Has the UK lost its ability to create policy ideas pertinent to its history and the specific aspirations of its people?
Let’s be frank, the Labour party is an ideas-free zone, it can no more identify the wider needs of Britons than it can manage the economy for any decent length of time.
Under its diktat, almost every part of the country has been reduced to pathetic shards of failure and dereliction. Observe Labour’s strongholds in Glasgow, where constant Labour local government has bequeathed the inhabitants a life-expectancy lower than sub-Saharan Africa.
Make no mistake, the task of the upcoming Tory Government will be like the Labours of Hercules.
* * * * *
As we gear up for a possible June election, all the old arguments about that hallowed stretch of real estate, the centre ground, are bubbling up again.
This sacred turf is said to be the only place from which a party can win a General Election. Both centre-left and centre-right positions deter a crucial constituency — Middle Britain.
Given that Gordon Brown has boxed himself in electorally by a strange combination of anger and timidity — classic traits of the bully — a June 2009 poll is overwhelmingly his least worst choice. Even Peter Mandelson apparently accepts that view. We must assume it’s a strong possibility.
Will Brown try to regain the centre ground for Labour from the artful Conservatives? And should the Tories attempt to defend it by circling the wagons?
My own view is that the so-called centre ground is a myth. Margaret Thatcher won three elections in a row. Her radical thinking became the norm, the consensual heart of British political discourse. Yet most voters saw her as distinctly right wing. How can that be explained?
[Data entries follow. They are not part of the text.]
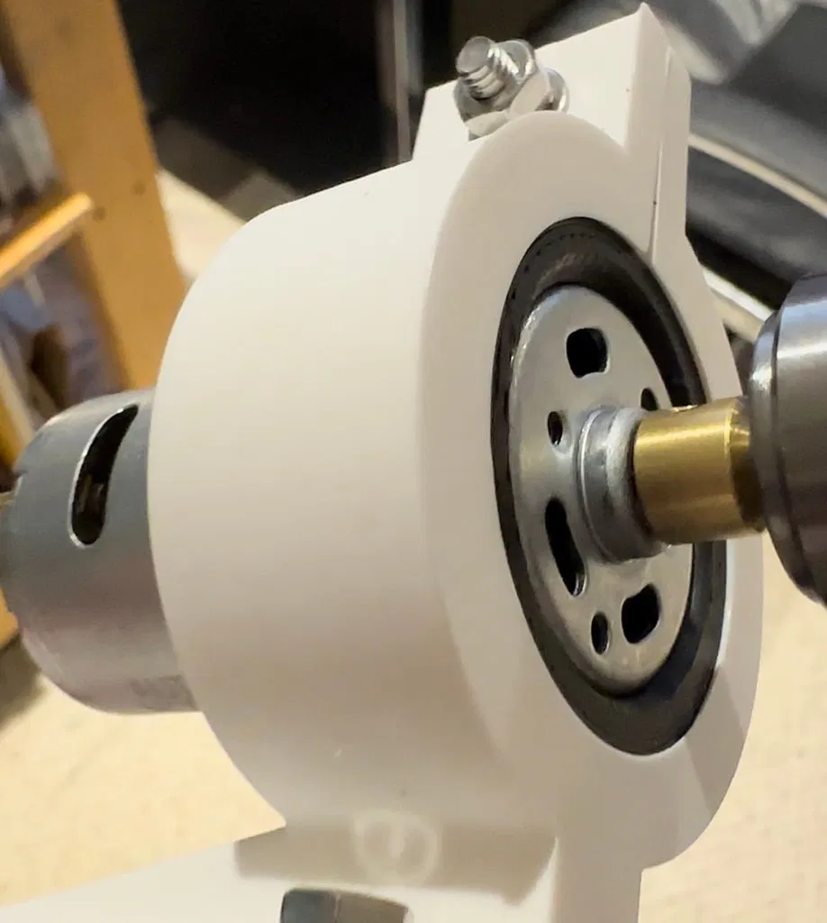Để xài cái motor khoan "trang sức" nhỏ hơn này, tui phải thiết kế cái ống lót/cái bạc lót trượt lên motor 26mm nhỏ này để gắn vô cái đế gắn motor 35mm lớn mà máy khoan này được thiết kế cho.
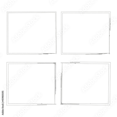 Grunge square frames set. Brush stroke silhouette. Abstract modern. Line background. Vector illustration. Stock image.
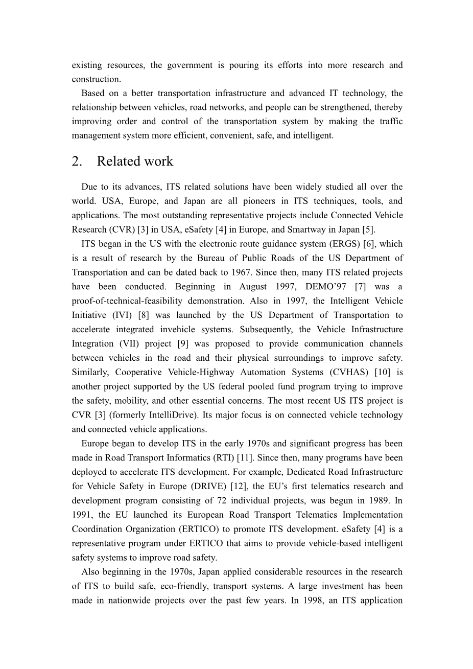 由于其进展,ITS相关的解决方案在世界各地已被广泛研究。美国,欧洲,和日本在ITS的技术,工具和应用方面都是先驱者。最具代表的项目包括美国的连接车辆研究(CVR)[ 3 ],欧洲的电子安全[ 4 ],日本的智能公路[ 5 ]。

What she occupied was not the boring old centre, but the High Centre Ground, that pinnacle from which the entire terrain is visible. As the old song has it: “On a clear day, you can see forever”.
This week, David Cameron’s apology for failing to spot the flaws in the runaway economy plonked him squarely in the High Centre of British politics.
You had your chance, Gordon. You blew it!
Again.
* * * * *
For months I’ve been putting up pieces in Syntagma exploring new policy initiatives for an incoming Conservative Government. (Note the capital G in the spelling; Labour always gets a derisory lower-case for its dismal performance.)
However, these snippets are distributed around the site unmarked and less coherently than they should be. So we’ve decided to start a new weekly feature column: Pointers to a Conservative Government on Tuesdays, in the run up to Dave’s misty-eyed entry into 10 Downing Street.
It will be a new dawn, will it not?
It will also be the beginning of a Trojan effort by the Party to rebuild a truly blasted heath of a country. It will take at least three Parliaments to achieve.
We’ve already covered education, manufacturing, public borrowing and public sector govenance, along with globalization and parts of foreign policy (see yesterday’s Saturday Ramble), but will now put them all under one roof for convenience.
I hope the views of a Burkean Democrat Minimalist Conservative (BDMC — a new species) may prompt an echoing response from within the Party’s leadership.
They will need all the help they can get.